_WORK INSTRUCTIONS_
Retype word for word the stretch of entries below from the line that has "teenage girl looking" through the line that has "The attacker uses", and omit the pictures.
----------------------------------------
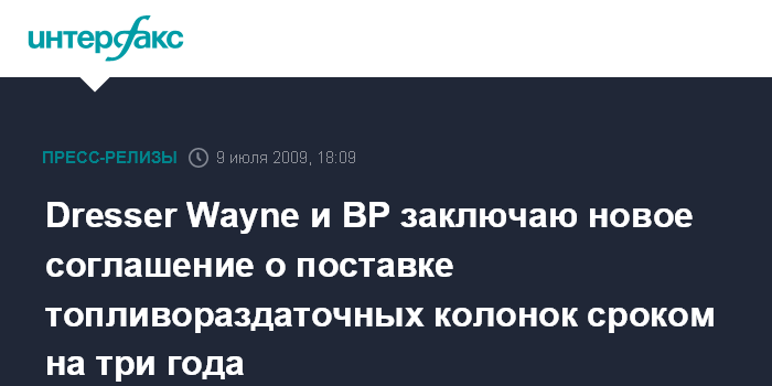 BUSINESS WIRE - Соглашение определяет статус Dresser Wayne как основного поставщика для точек розничных продаж BP
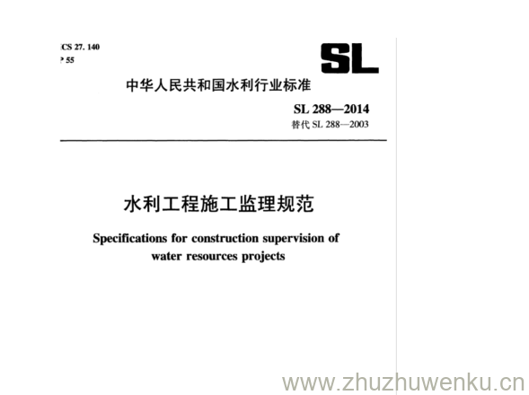 SL 288-2014 pdf下载 水利工程施工监理规范。Specifications for construction supervision of water resources projects.
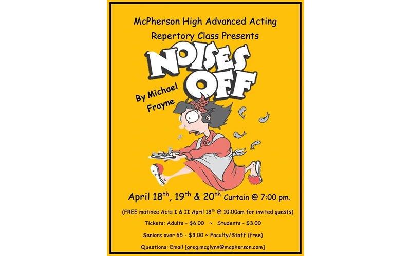 McPHERSON, Kan. — The first performance of the production of “Noises Off” from the McPherson High School Advanced Acting Repertory Class will be tonight at 7 p.m.
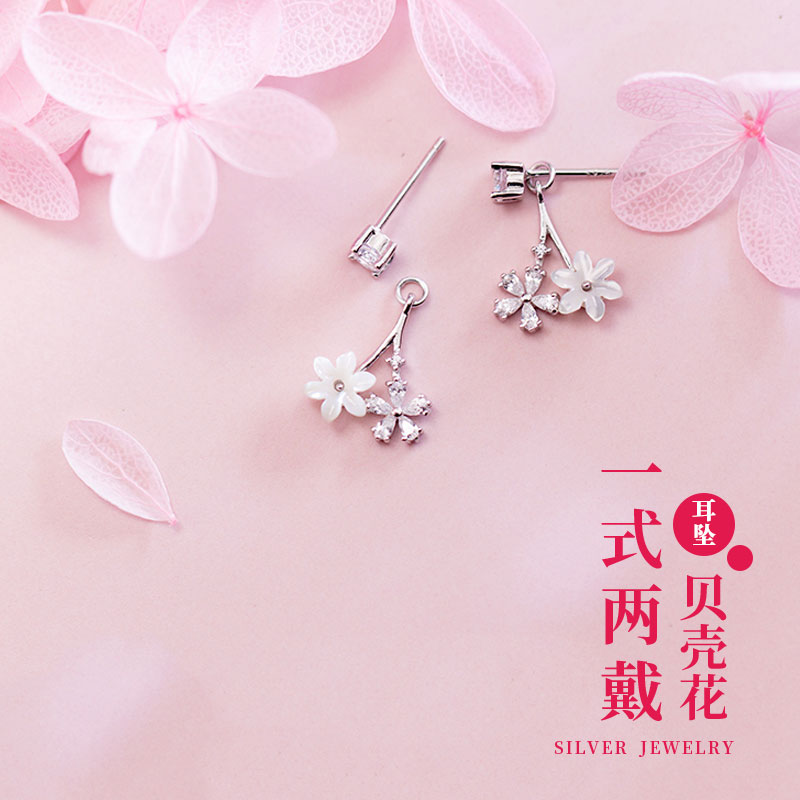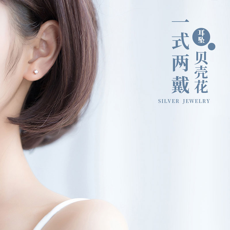 Cat hibernation light and luxurious two-wearing shell flowers rear-hanging ear-needle female s925 pure silver ear ring Japan-ROK minimalist temperament 100 lap
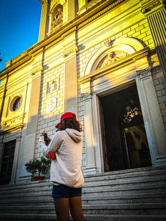 teenage girl looking at cell phone ignoring the facade of the cathedral at her side
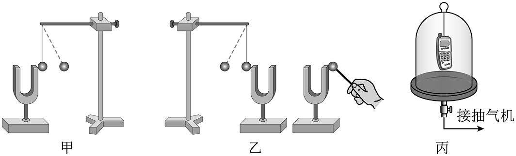 16、小华和小兰在探究“声音的产生与传播 ”时:(1)、如图甲所示,正在发声的音叉将悬挂着的乒乓球反复弹开,说明声音是由物体 产生的;(2)、如图乙所示,敲响右边的音叉,左边完全相同的音叉也会发声并把乒乓球弹起,说明 可以传声;(3)、如图丙所示,抽气机不断向罩外抽气的过程中,罩内音乐芯片的铃声会越来越小,进一步推理得出:。
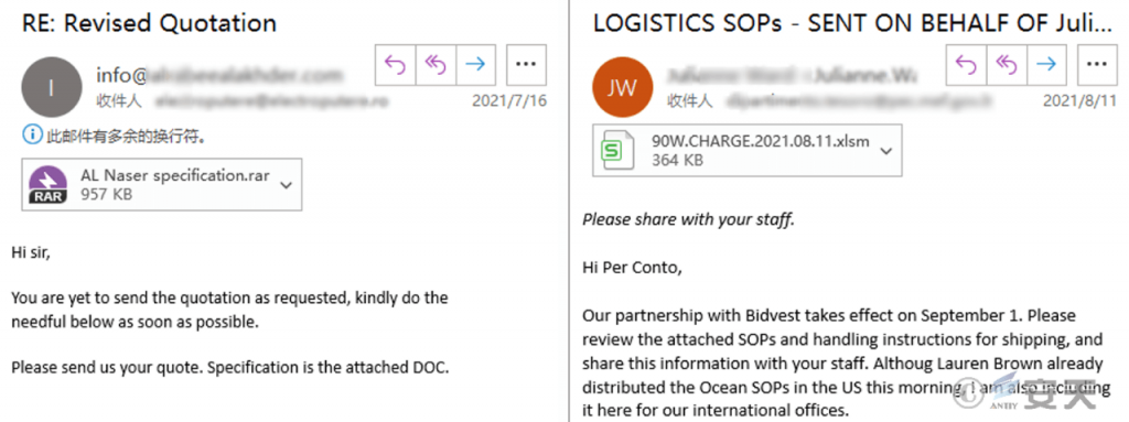 The attacker uses the content that the user is interested in as bait, sends a large number of phishing emails with attachments such as macro documents, Office vulnerability utilization documents, and malicious program compression packages, and induces the user to execute malicious code. examples of phishing emails are as follows.
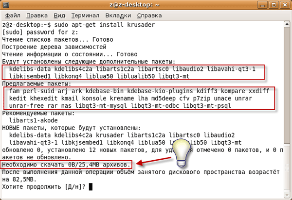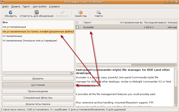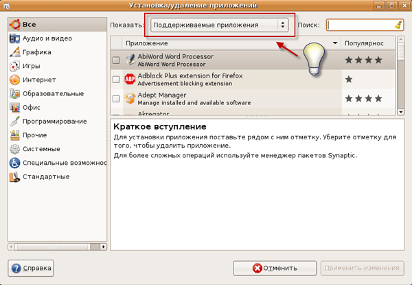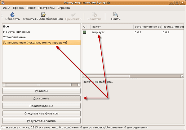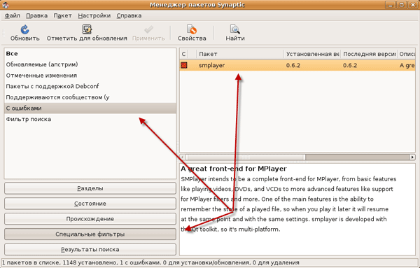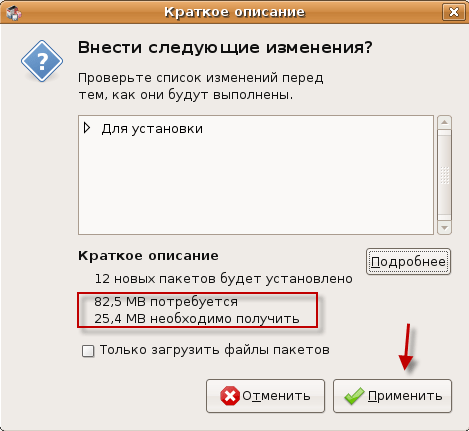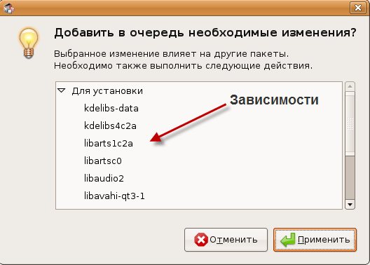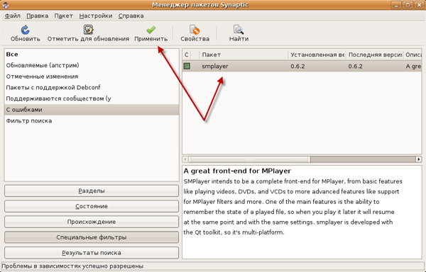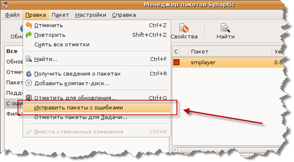 Иногда можно перестараться с установкой ПО и поломать что-нибудь. В этом случае вы увидите предупреждающее сообщение в трее через некоторое время. Либо вы увидите сообщение при запуске Synaptic или если вручную попробуете что-нибудь установить. ![]() Эта ситуация может возникнуть, например, если с помощью dpkg -i попытаться поставить пакет, для которого не были найдены зависимости. Ну и много других ситуаций. Чтобы увидеть проблемный пакет в Synaptic выберите "Специальные фильтры - С ошибками". ![]() Чтобы починить пакет, выберите пункт меню "Правка - Исправить пакеты с ошибками". ![]() После этого нужно применить те действия, которые приготовил Synaptic. Это может быть просто установка дополнительных пакетов или удаление неверного пакета, если зависимости не могут быть найдены. ![]() После того как вы нажмете "Применить" - вы увидите какие действия будут выполнены. В консоли можно сделать тоже самое с помощью команды: sudo apt-get -f install AlienИногда бывают ситуации, когда есть только .rpm пакет (другой вид установщика, из других Linux-систем), но установить программу необходимо. Например в таком формате можно найти установщик vmware tools, если вы пробуете Ubuntu на виртуальной машине. В этом случае можно конвертировать .rpm пакет в .deb пакет, хотя это и не рекомендуется. Поможет в этом программа alien Чтобы установить ее: sudo apt-get install alien Или через Synaptic. После того как он установлен, перейдите в консоли в директорию, где находится .rpm пакет и выполните команду: alien имя_файла.rpm Через некоторое время (это может быть долго) будет создан .deb пакет, который уже можно использовать обычным образом. РезюмеПрограммное обеспечение можно устанавливать из репозиториев или вручную. Программа может зависеть от других программ или библиотек. Это называется зависимостями. Зависимости должны быть установлены до того, как будет установлена сама программа. Чтобы установить программу из репозитория, используйте Synaptic или apt-get. Консольный вариант очень хорош для использования в скриптах или если надо установить сразу много пакетов. Чтобы установить пакет, который вы предварительно скачали, вручную - просто дважды на нем кликните или используйте команду dpkg. Иногда можно поломать пакеты, чтобы исправить это используйте Synaptic или команду sudo apt-get -f install. Пакеты .rpm можно конвертировать в .deb, хотя это и не рекомендуется. Используйте программу alien чтобы сделать это. Иногда не знаешь, что нужно поставить, а просто хочется поэкспериментировать. Для этих целей лучше всего подходит программа, которую можно вызвать через меню: Приложения- Установка/удаление приложений. Все операции по установке-удалению должны быть произведены от имени суперпользователя.
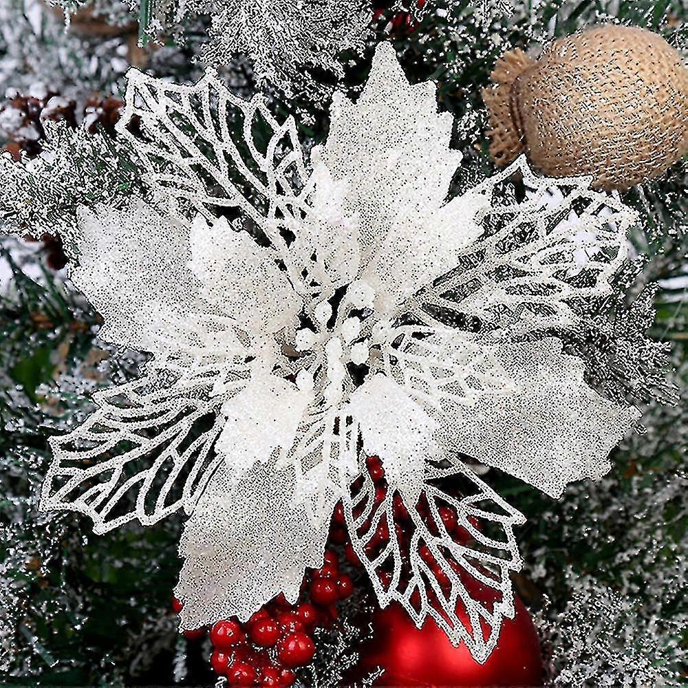 Christmas Poinsettia Glitter Flower Xmas Tree Hanging Decor Party Ornament-7
----------------------------------------
_EXERCISE RESPONSE_
 teenage girl looking at cell phone ignoring the facade of the cathedral at her side
 16、小华和小兰在探究“声音的产生与传播 ”时:(1)、如图甲所示,正在发声的音叉将悬挂着的乒乓球反复弹开,说明声音是由物体 产生的;(2)、如图乙所示,敲响右边的音叉,左边完全相同的音叉也会发声并把乒乓球弹起,说明 可以传声;(3)、如图丙所示,抽气机不断向罩外抽气的过程中,罩内音乐芯片的铃声会越来越小,进一步推理得出:。
 The attacker uses the content that the user is interested in as bait, sends a large number of phishing emails with attachments such as macro documents, Office vulnerability utilization documents, and malicious program compression packages, and induces the user to execute malicious code. examples of phishing emails are as follows.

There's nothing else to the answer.